The use of the **5th percentile threshold** on the log-scores of attack samples proved to be extremely effective for separating attack and normal traffic in this dataset.

This result confirms that GMM is a powerful model for one-class anomaly detection when the majority class is well-defined and clean.

### 📊 Final Comparative Results: One-Class SVM vs Gaussian Mixture Model (GMM)

This table compares the performance of both models after hyperparameter tuning, using identical train/test splits.

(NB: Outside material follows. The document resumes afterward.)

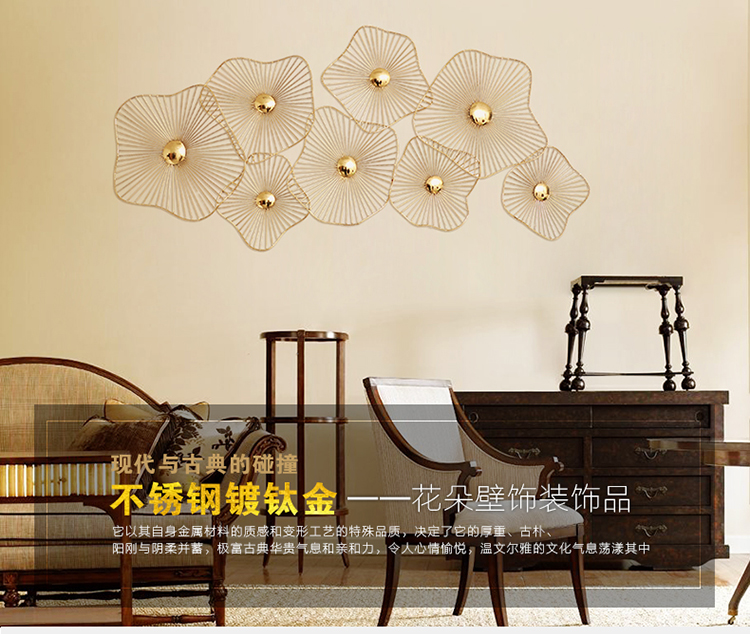 G款:金色現代創意不銹鋼壁飾墻飾會所客廳大型壁掛件中式酒店墻上軟裝飾品

| Metric                    | One-Class SVM       | Gaussian Mixture Model |
|---------------------------|---------------------|-------------------------|
| **Precision (Normal)**    | 0.46                | 0.51                    |
| **Recall (Normal)**       | 0.94                | 1.00                    |
| **F1-score (Normal)**     | 0.62                | 0.68                    |
| **Precision (Attack)**    | 1.00                | 1.00                    |
| **Recall (Attack)**       | 0.95                | 0.95                    |
| **F1-score (Attack)**     | 0.97                | 0.98                    |
| **Overall Accuracy**      | 0.95                | 0.96                    |
| **ROC AUC**               | 0.944               | **1.000**               |

---

### 🧠 Insights:

- ✅ Both models achieve **very high precision** for attacks and excellent overall accuracy.
- ✅ **GMM** has a **higher recall and F1-score** for the normal class, meaning it is better at detecting legitimate traffic as anomalous.
- ⚖️ Both models show **balanced recall for attacks** (`0.95`), but GMM slightly improves the **F1-score**.
- ✅ **ROC AUC is perfect (1.0) in GMM**, indicating ideal separation capability.

**Conclusion:**  
While One-Class SVM performs very well after tuning, the **Gaussian Mixture Model offers slightly better overall detection**, particularly for the legitimate traffic class and in terms of ranking ability.